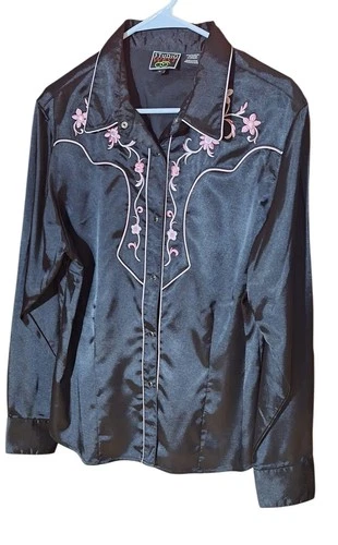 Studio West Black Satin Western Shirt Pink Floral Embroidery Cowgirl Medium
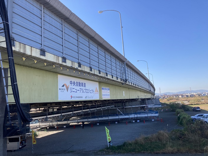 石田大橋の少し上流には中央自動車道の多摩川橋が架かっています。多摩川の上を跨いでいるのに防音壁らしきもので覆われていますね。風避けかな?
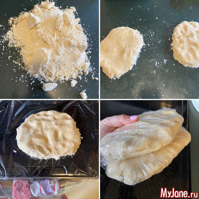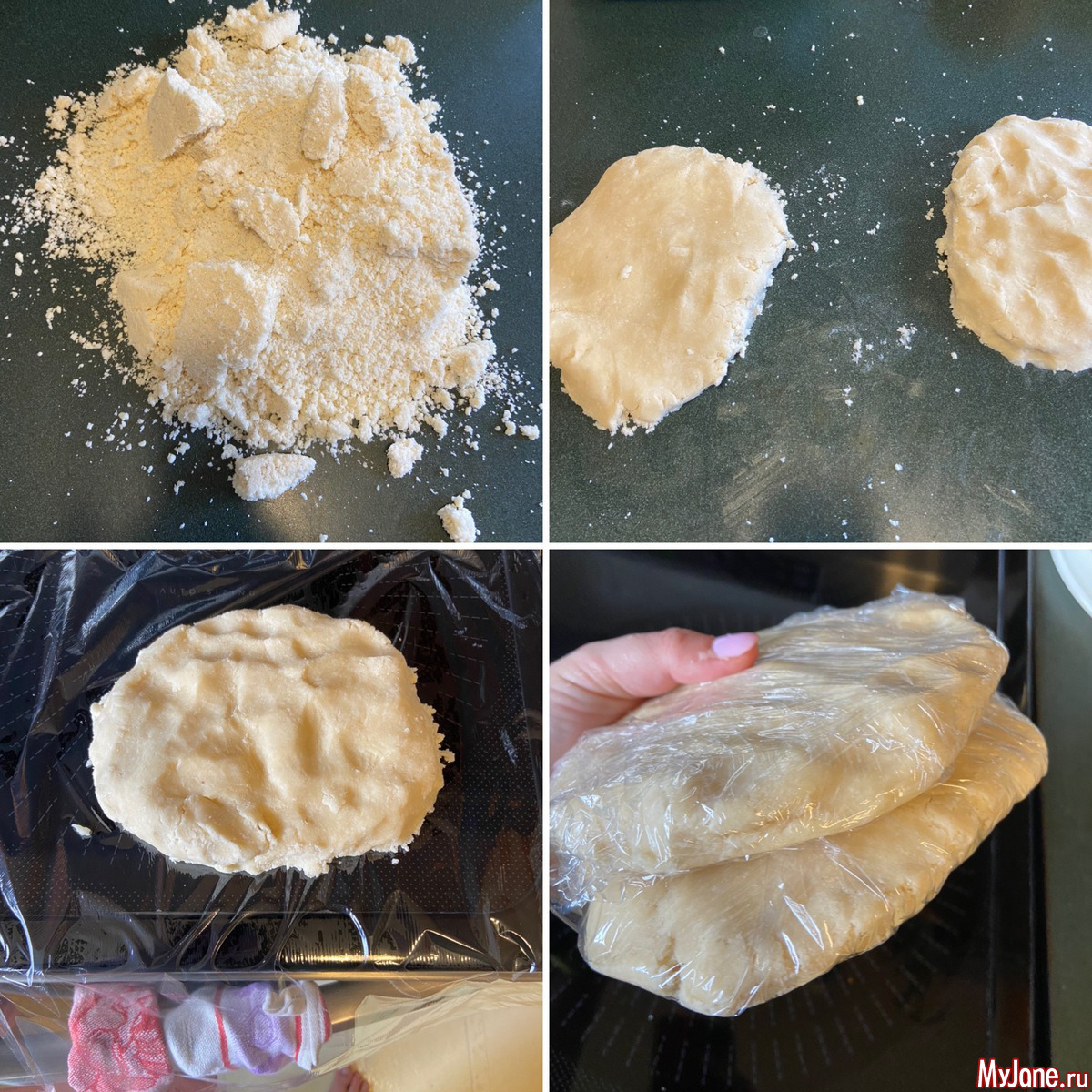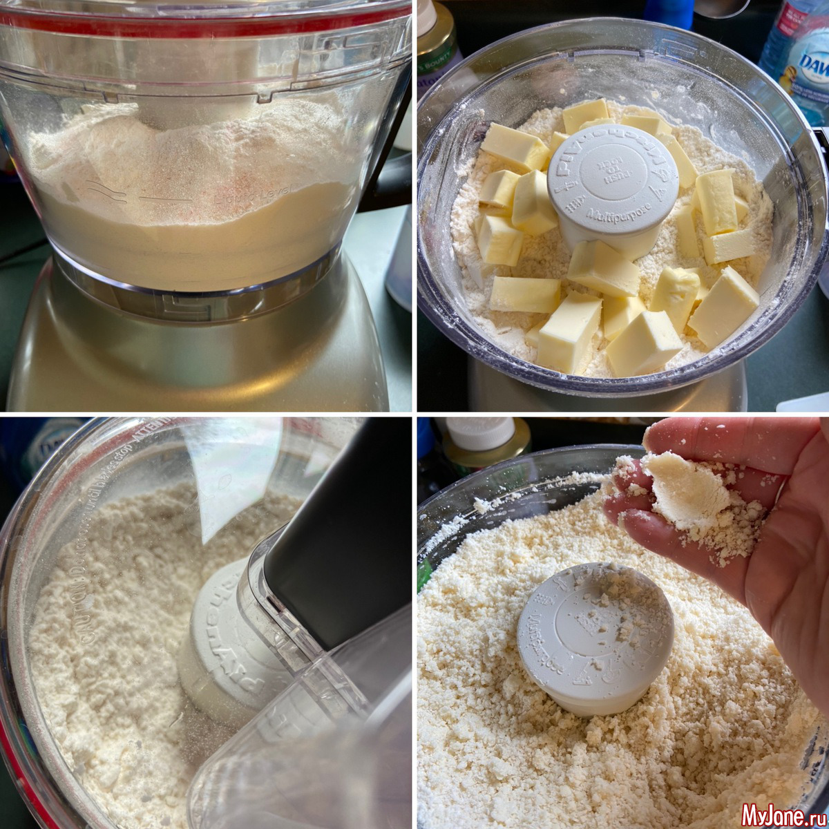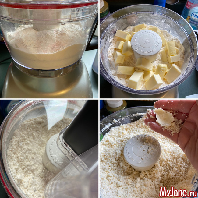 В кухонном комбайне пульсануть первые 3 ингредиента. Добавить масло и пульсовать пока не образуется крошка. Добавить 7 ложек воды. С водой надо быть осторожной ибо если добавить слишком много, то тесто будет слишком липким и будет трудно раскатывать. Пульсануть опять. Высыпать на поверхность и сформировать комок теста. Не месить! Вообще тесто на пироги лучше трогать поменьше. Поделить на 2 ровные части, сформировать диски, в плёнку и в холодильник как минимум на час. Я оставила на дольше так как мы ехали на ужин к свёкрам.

Work instructions: Reproduce the material above verbatim; omit every picture.

Answer box:
 Studio West Black Satin Western Shirt Pink Floral Embroidery Cowgirl Medium
 石田大橋の少し上流には中央自動車道の多摩川橋が架かっています。多摩川の上を跨いでいるのに防音壁らしきもので覆われていますね。風避けかな?
 В кухонном комбайне пульсануть первые 3 ингредиента. Добавить масло и пульсовать пока не образуется крошка. Добавить 7 ложек воды. С водой надо быть осторожной ибо если добавить слишком много, то тесто будет слишком липким и будет трудно раскатывать. Пульсануть опять. Высыпать на поверхность и сформировать комок теста. Не месить! Вообще тесто на пироги лучше трогать поменьше. Поделить на 2 ровные части, сформировать диски, в плёнку и в холодильник как минимум на час. Я оставила на дольше так как мы ехали на ужин к свёкрам.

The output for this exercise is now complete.